Подруги стали снова обниматься.
-- Моя дочь кажется такъ любитъ вашу? нехотя и довольно сухо произнесъ отецъ Маши, въ полъ-оборота обращаясь къ вицъ-мундиру.
-- Вы ее отпускайте къ намъ, она у насъ не соскучится.
-- Благодарю за честь, ваше превосходительство, такое лестное вниманіе.... не знаю чѣмъ заслужила дочь моя, отвѣтилъ господинъ въ вицъ-мундирѣ и опять поклонился.
-- Вы гдѣ служите? спросилъ генералъ, оглядывая отца Софьи.
-- Папаша, а карета наша, у насъ и человѣка нѣтъ, какъ-же это, кто же подастъ ее? спускаясь съ лѣстницы, спрашивала послѣдняя у своего отца.
-- А я и не взялъ кареты, голубушка, на саночкахъ еще лучше доѣдемъ; теперь Ванекъ много, довезутъ мигомъ.
-- Боже мой! безъ кареты! развѣ можно, что вы папаша, побойтесь Бога; что же скажутъ; такъ нельзя ѣхать! произнесла она оскорбленнымъ голосомъ.
-- Да, вѣдь теперь не достанешь, Сонечька, я и думалъ нанять, да дорого показалось; все одно, получше сани возьмемъ.
-- Карета готова! крикнулъ лакей генерала.
-- Sophie, вмѣстѣ выйдемъ, сказала Маша, схватила подругу за руку и весело потащила ее съ лѣстницы.-- А ваша карета? вопросительно произнесла она, на подъѣздѣ.
-- Должно быть не подали еще, робко отвѣтила Соня и поцѣловала Машу.

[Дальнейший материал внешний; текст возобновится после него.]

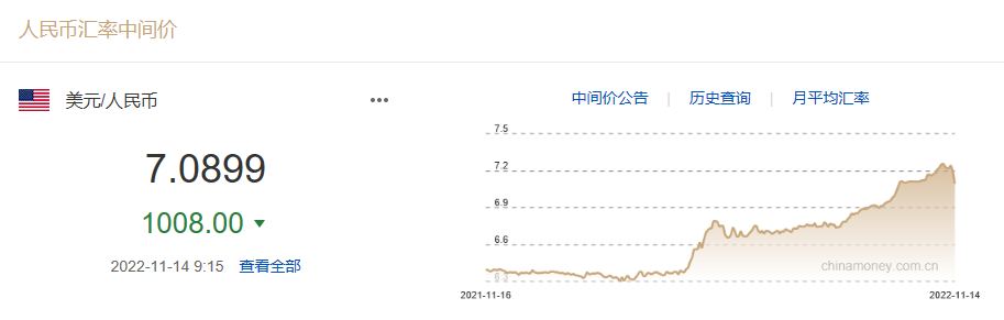 香港新聞網11月14日電 離岸人民幣兌美元今日收復7.03關口,人民幣中間價大漲1008點,單日升幅創17年紀錄。今日早間,中國人民銀行授權中國外匯交易中心公佈,人民幣兌美元中間價報7.0899,上調1008點,升幅創2005年7月22日以來最大;上一交易日中間價7.1907,上一交易日官方收盤價7.1106,上日夜盤報收7.0935。
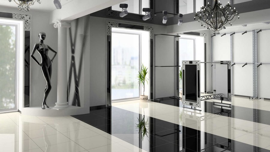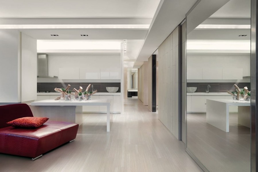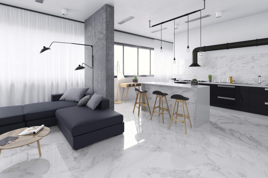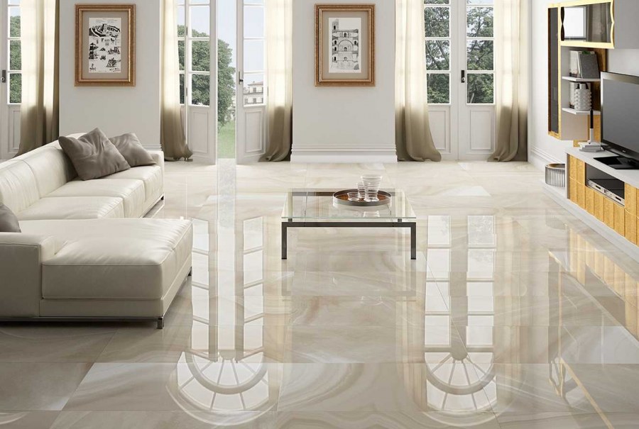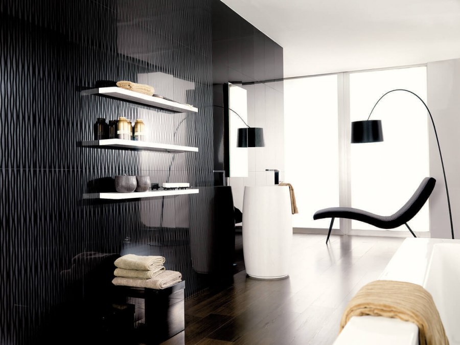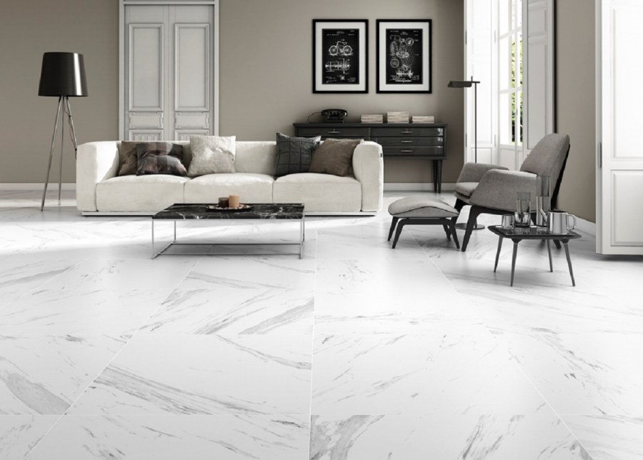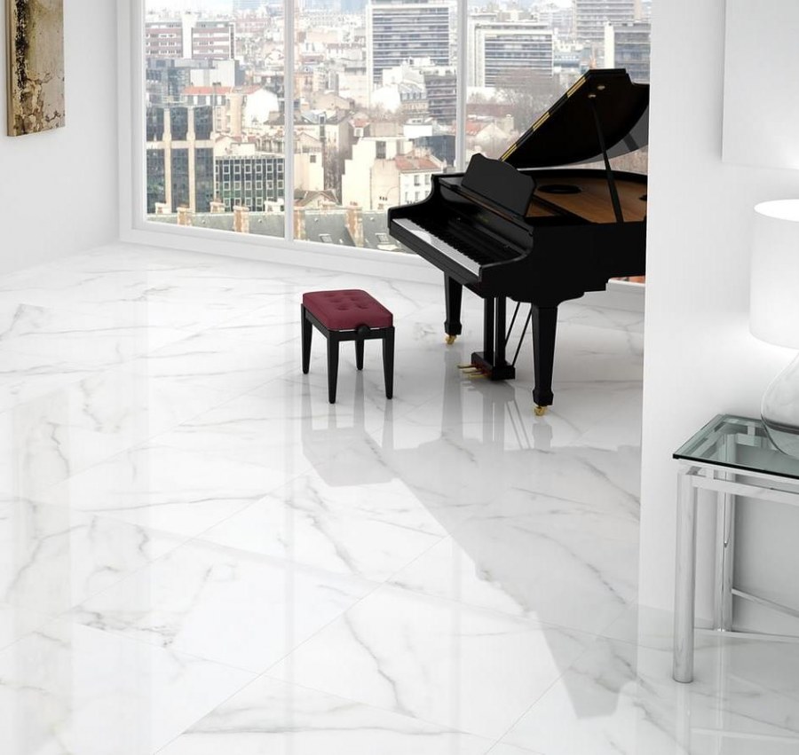 Глянцевая белая плитка в гостиной в интерьере (73 фото)
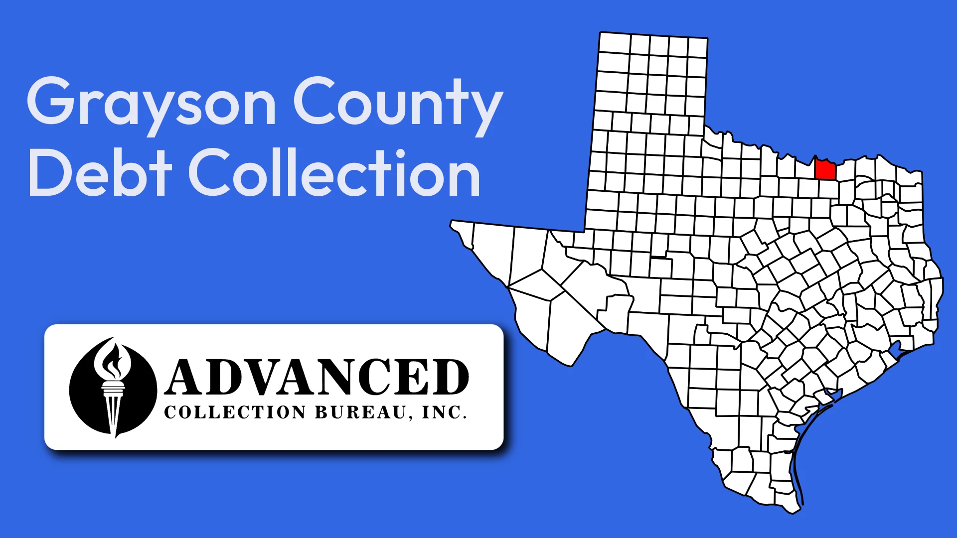 Straddling the Red River border with Oklahoma and anchored by the twin cities of Sherman and Denison, Grayson County has a growing rental market fueled by manufacturing jobs and Lake Texoma tourism. Advanced Collection Bureau helps local landlords recover the unpaid rent that tenants leave behind.
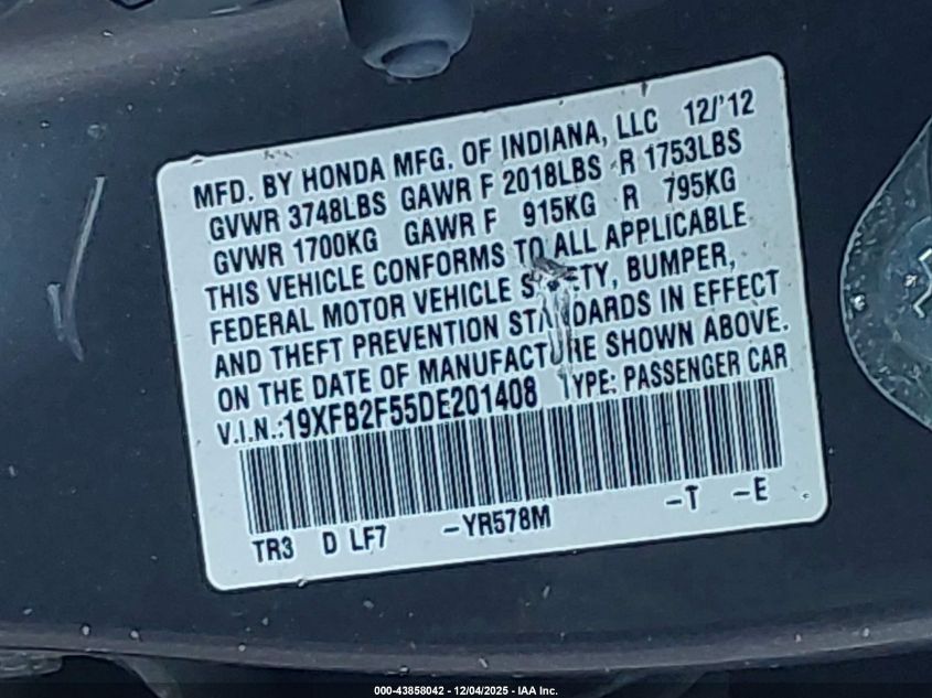 2013 HONDA CIVIC 2013 року Бензин, 1.8, Передній привід, vin - 19XFB2F55DE201408 з США
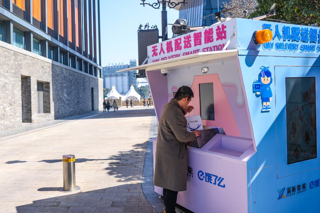 2月28日,市民在位于宁波市江北区老外滩的一处无人机配送智能站接收由无人机配送的外卖。新华社记者 江汉 摄
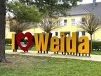 Das Bild zeigt den Eiszeitstein im Burggarten der Osterburg in Weida. An dem Stein ist eine Tafel angebracht, die die ungefähre Südgrenze der skandinavischen Inlandvereisung im Quartär zeigt.
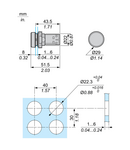 gama de produse: Harmony XB7 Tip produs sau componenta: Intrerupator cu revenire nume scurt al dispozitivului: XB7 diametrul de montaj: 22 mm cantitate indivizibila de vanzare: 10 grad de protectie IP: IP20 conformitate cu SR EN 60529 (cu spatele in faţă) IP65 conformitate cu SR EN 60529 (fata frontala) forma a capului unitatii de semnalizare: Rotund tip de operator: push and push-to-release profil utilizator: Verde Incastrat tip si compozitie contacte: 1 NO conexiuni - borne: Borne cu surub, <= 2 x 1.5 mm² cu pini conformitate cu IEC 60947-1 Borne cu surub, 1 x 0.34...2 x 2.5 mm² fara terminale de cablu conformitate cu IEC 60947-1 prezentare dispozitiv: Monolithic product CAD latime globala: 29 mm CAD inaltime globala: 29 mm CAD adancime globala: 51,5 mm descriere borne ISO nr. 1: (21-22)NC (13-14)NO greutate neta: 0,021 kg montare dispozitiv: Gaură de fixare - diametru: 22,5 mm 22.3 +0.4/0 conformitate cu IEC 60947-1 centru de fixare: >= 30 x 40 mm (suport panou) metal - grosime: 1…6 mm >= 30 x 40 mm (suport panou) plastic - grosime: 2…6 mm mod de fixare: Piuliţă de fixare sub cap 2…2,4 N.m marcaj: Nemarcat operare contacte: Decuplare lenta deschidere pozitiva: Cu contact NC conformitate cu IEC 60947-5-1 anexa K durabilitate mecanica: 300000 cic cuplu de strangere: 0,8…1,2 N.m conformitate cu IEC 60947-1 forma a capului surubului: Cruce compatibil cu JIS No 1 surubelnita Cruce compatibil cu Philips nr. 1 surubelnita Cruce compatibil cu pozidriv No 1 surubelnita Perforat compatibil cu plat O 4 mm surubelnita Perforat compatibil cu plat O 5.5 mm surubelnita protectie la scurtcircuit: 4 A cartuş fuzibil tip gG conformitate cu SR EN 60947-5-1 [Ui] tensiune nominala de izolatie: 250 V (grad de poluare 3) conformitate cu IEC 60947-1 [Uimp] tensiune de tinere la impuls: 4 kV conformitate cu IEC 60947-1 [Ie] curent nominal de utilizare: 0,1 A la 250 V, DC-13, R300 conformitate cu SR EN 60947-5-1 0,22 A la 125 V, DC-13, R300 conformitate cu SR EN 60947-5-1 0,3 A la 240 V, AC-14, D300 conformitate cu SR EN 60947-5-1 0,6 A la 120 V, AC-14, D300 conformitate cu SR EN 60947-5-1 durabilitate electrica: 1000000 cic, DC-13, 0,3 A la 24 V, rata de functionare 1000000 cic, AC-15, 0,03 A la 230 V, rata de functionare 1000000 cic, AC-15, 0,09 A la 240 V, rata de functionare securitatea electrica IEC 60947-5-4: Λ <= 10exp(-6) la 17 V, 5 mA conformitate cu SR EN 60947-5-4 tratament protector: TH temperatura ambietala pentru depozitare: -40…70 °C temperatura ambientala de functionare: -25…70 °C categorie de supratensiune: Clasa II conforming to IEC 61140 Enclosure Type: Type 12 Type 3 standarde: UL 60947-1 SR EN 60947-5-1 CSA C22.2 No 15 JIS C8201-5-1 IEC 60947-1 JIS C8201-1 certificari produs: CCC GOST rezistenta la vibratii: 5 gn (f= 2…500 Hz) conforming to IEC 60068-2-6 rezistenta la socuri: 50 gn (durata = 11 ms) pentru half sine wave acceleration conformitate cu IEC 60068-2-27 30 gn (durata = 18 ms) pentru half sine wave acceleration conformitate cu IEC 60068-2-27
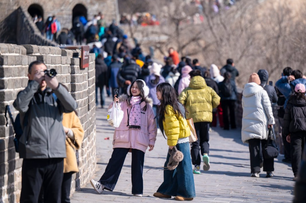 景区入口处,工作人员快速有序地检票,现场秩序井然。登城而上,不少游客来到“好汉碑”前拍照留念。春节期间的八达岭长城,虽少了夏季的郁郁葱葱,却多了几分苍劲与豪迈,在暖阳下更显雄伟壮观。
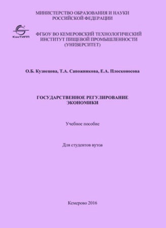 Кузнецова, О. Б. Государственное регулирование экономики : учебное пособие для студентов вузов / О. Б. Кузнецова, Т. А. Сапожникова, Е. А. Плосконосова. – Кемерово : КемТИПП, 2016. – 123 с. – (Высшее образование). – ISBN 978-5-89289-979-6.
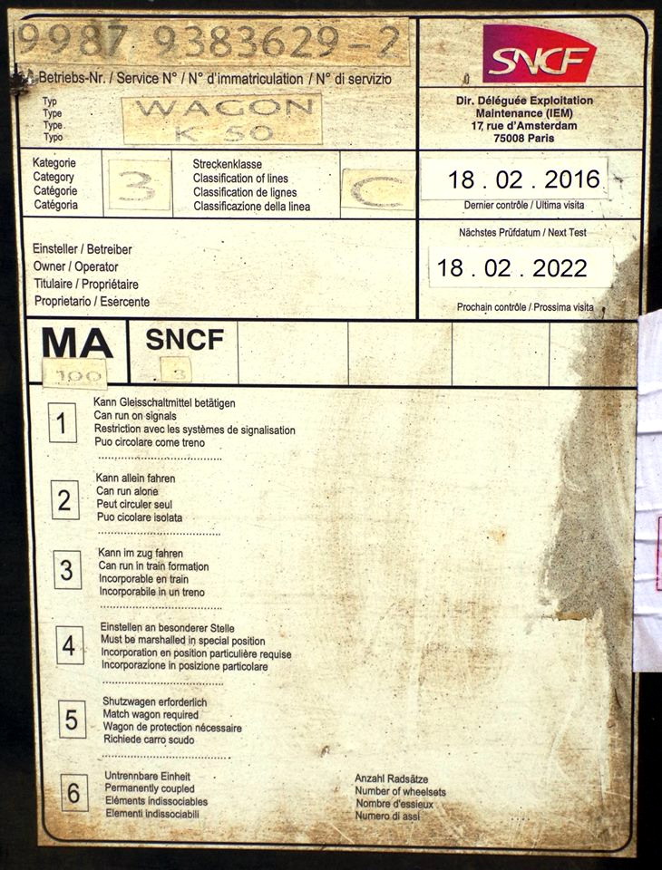 Wagon K50 - 99 87 9 383 629-2 Meccoli - Agrément de travail 18-02-2016/2022

Генералъ кивнулъ головой вицъ-мундиру, сказалъ по французски нѣсколько словъ его дочери, и чинно влѣзъ въ карету. Лакей подсадилъ туда-же свою барышню, хлопнулъ дверцами и вскочилъ на козлы.-- Карета помчалась.-- Маша стучала въ окно и дѣлала ручку Сонѣ.
-- Пойдемъ папаша, ради Бога, поскорѣй пойдемъ, бѣда будетъ, меня увидятъ, говорила послѣдняя, съ трудомъ переступая по снѣгу, и таща за руку отца своего.
-- Извозчикъ, къ Покрову! произнесъ онъ, наткнувшись на первыя сани.
-- Четвертакъ безъ лишняго.
-- Двугривенный.
-- Папаша!... ради Бога! почти закричала Соня и вскочила въ сани.
Они усѣлись и поѣхали.
Иванъ Петровичъ Рябинкинъ, отецъ Сони, былъ бѣдный чиновникъ, жилъ небольшимъ казеннымъ содержаніемъ, нанималъ двѣ комнаты у Покрова; для прислуги держалъ одну кухарку.
Его превосходительство, Григорій Сергѣичъ Копайскій, отецъ Маши, занималъ очень видное мѣсто, былъ богатъ, жилъ на Литейной, въ собственномъ домѣ, въ великолѣпной квартирѣ съ швейцаромъ и цѣлымъ легіономъ лакеевъ.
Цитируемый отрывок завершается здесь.